We firstly reported five consecutive cases from our institute. Then, the cases from previous studies were pooled and analyzed to delineate the characteristics of this disease. Our cohort included two males and three females. The median age was 21-years-old (range: 8-54-years-old). All the patients received surgical treatment. Gross total resection (GTR), radiotherapy, and chemotherapy were administered in 3 patients, 4 patients, and 1 patient, respectively. After a median follow-up of 36 mo, tumor progression was noticed in 4 patients; and 3 patients died of the disease. Pooled data (n = 14) contained 5 males and 9 females with a median age of 19 years. The log-rank tests showed that GTR (P = 0.011) could prolong progression-free survival, and radiotherapy (P < 0.001) resulted in longer overall survival.
Patients with PIASPS suffer from poor outcomes. Surgical treatment is the first choice, and GTR should be achieved when the tumor is feasible. Patients with PIASPS benefit from radiotherapy, which should be considered as a part of treatment therapies.

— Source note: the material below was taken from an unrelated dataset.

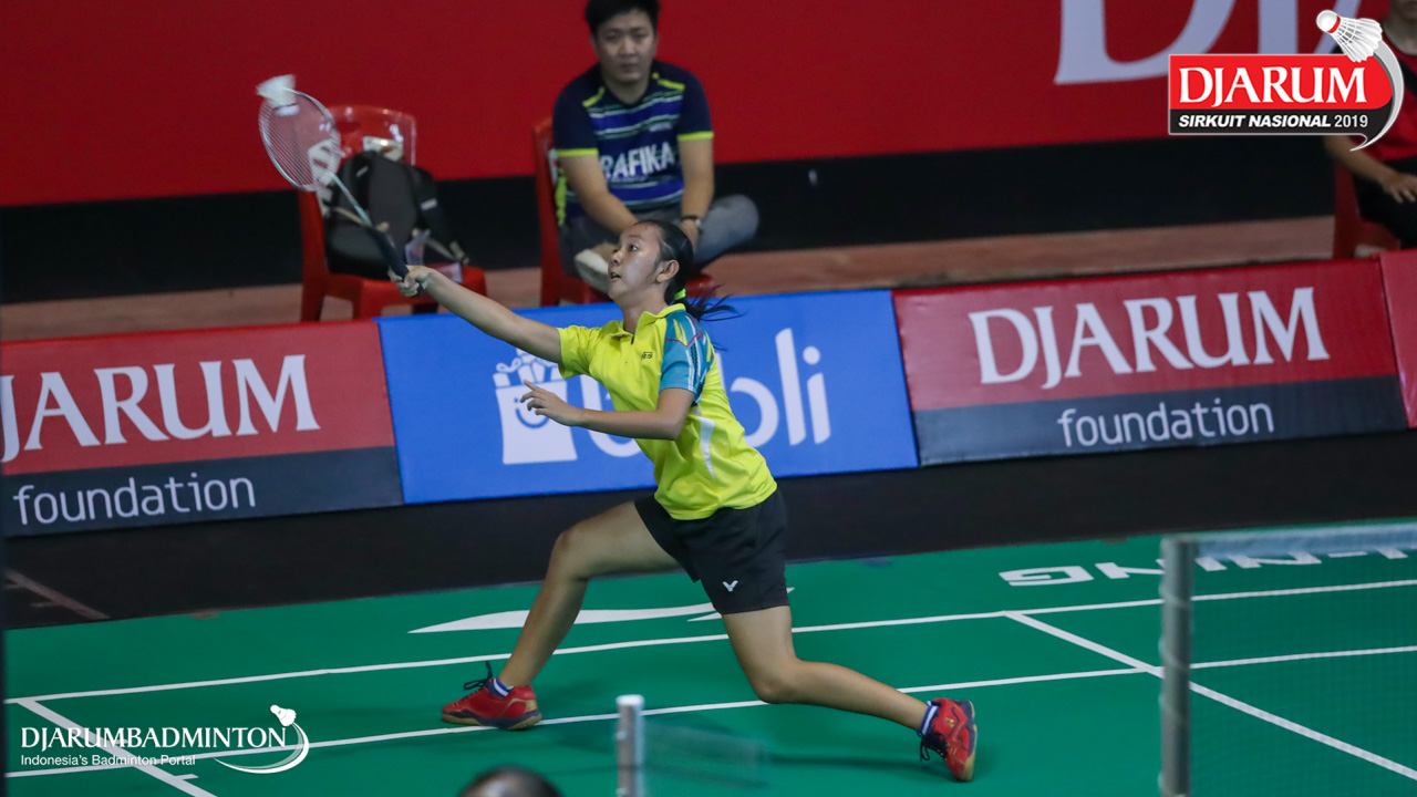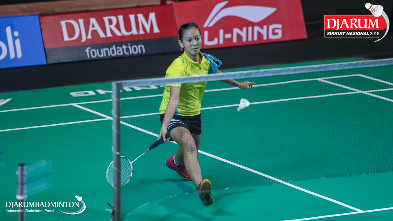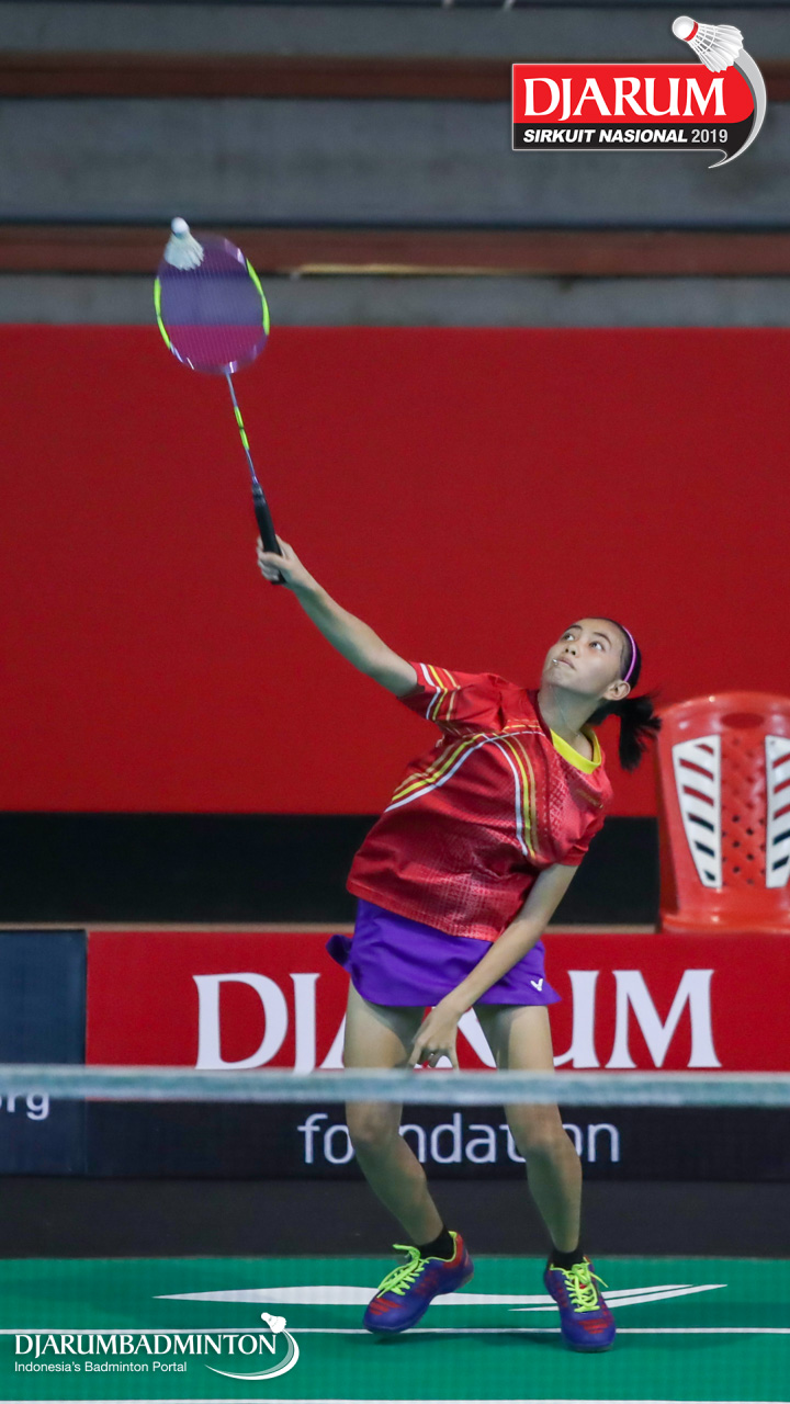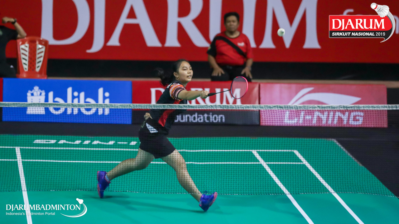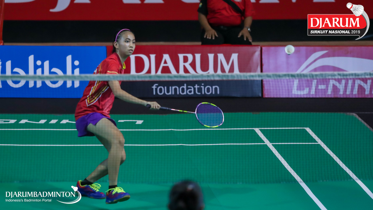 Angelica Ladasi (PPLP SULUT) bersiap menyambut shuttlecock

Core Tip: Alveolar soft part sarcoma, or alveolar soft-part sarcoma (ASPS), is reportedly a rare tumor with a high recurrent rate. Current understanding of primary intracranial ASPS, or primary intracranial ASPS (PIASPS), is limited to case reports or small case series that preclude statistical analysis of outcomes (e.g., progression-free survival or overall survival). In this article, we first reported 5 consecutive cases from our institute. Then, the 9 cases from previous studies were pooled and analyzed to delineate the characteristics of this disease. We found PIASPS was a rare malignancy and predominately affected young females. Patients with PIASPS suffer from poor outcomes, characterized by a high tendency of recurrence. Surgical treatment is the first choice and gross total resection should be achieved when the tumor is feasible. Besides, PIASPS benefit from radiotherapy, which should be considered as a part of treatment therapies.